Fuck That Shitty Coloring Book—On kids and swearing. - pazz
https://medium.com/p/79b2e17fa1c7

======
gte910h
[http://scienceblogs.com/neurophilosophy/2009/07/13/swearing-...](http://scienceblogs.com/neurophilosophy/2009/07/13/swearing-
increases-pain-tolerance/)

It could be making their life actively worse

------
Teckla
Thanks for posting this. I wish it had gotten more up-votes.

This whole "some words are BAD" thing is ridiculous. I allow my child to
swear, but of course, with a warning that some adults will take offense,
because those adults are overly sensitive about silly things. So my child
knows what to avoid around those silly people, but that it's okay around me.
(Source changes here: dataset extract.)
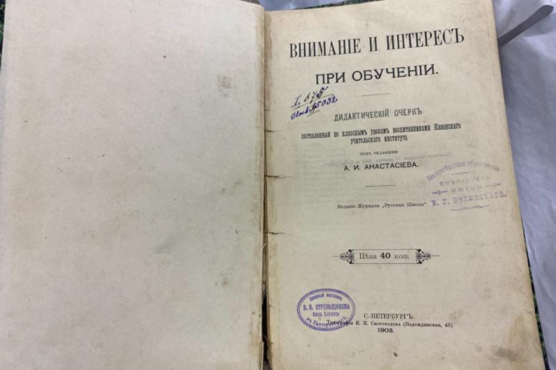 А историю рассказал такую. В книгу "Внимание и интерес при обучении" был вложен лист с записью о том, что данная книга взята в июле 1919 года, а должна быть возвращена через месяц. К сожалению, лист не сохранился. Но сохранилась старая печать Белинки. Почему читатель не вернул книгу через месяц - остается только догадываться», - говорится в сообщении.

I teach my child that words are tools, and tools are not inherently bad, but
we may use them in a bad way. Similar to steak knifes, which are neutral
tools, and can be used by people for good or evil.

I cringe every time I hear a parent tell their children that a word is bad.
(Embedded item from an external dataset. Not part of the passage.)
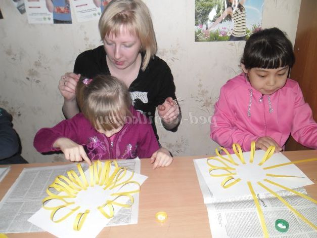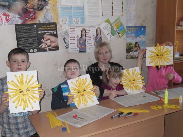 Набір для творчої майстерні (клей ПВА, аркуші білого паперу А4 за кількістю дітей, нарізані смужки з жовтого паперу 1см*20 см в кількості 40 шт на одну листівку, кола з жовтого паперу d8см за кількістю листівок, синій і червоний маркери).

In the end, my child doesn't swear any more or less than any other child of
the same age. Interesting, that.

------
animus9
One might wonder why it is that we have higher standards for our children than
for ourselves. Maybe it's because they are born with a kind of innocence that
we do not want to see corrupted. Maybe instead of lowering our standards for
our kids we should actually set a good example and live up to the same
standards we expect of them.

(Imagine if we did this with respect to all things that we try to hide from
our children.)

I have heard all the arguments in favour of swearing and I used to believe
them: I no longer do. The problem with swearing is that it becomes an
unchecked impulse of aggression -- and eventually a habit that is very hard to
break. The least that could be said is that it degrades the quality and
content of speech to the point where some people become nearly unintelligible.
What do we gain by introducing unnecessary chaos into the ordered system of
communication?

Let us look above, not below, for our moral standards.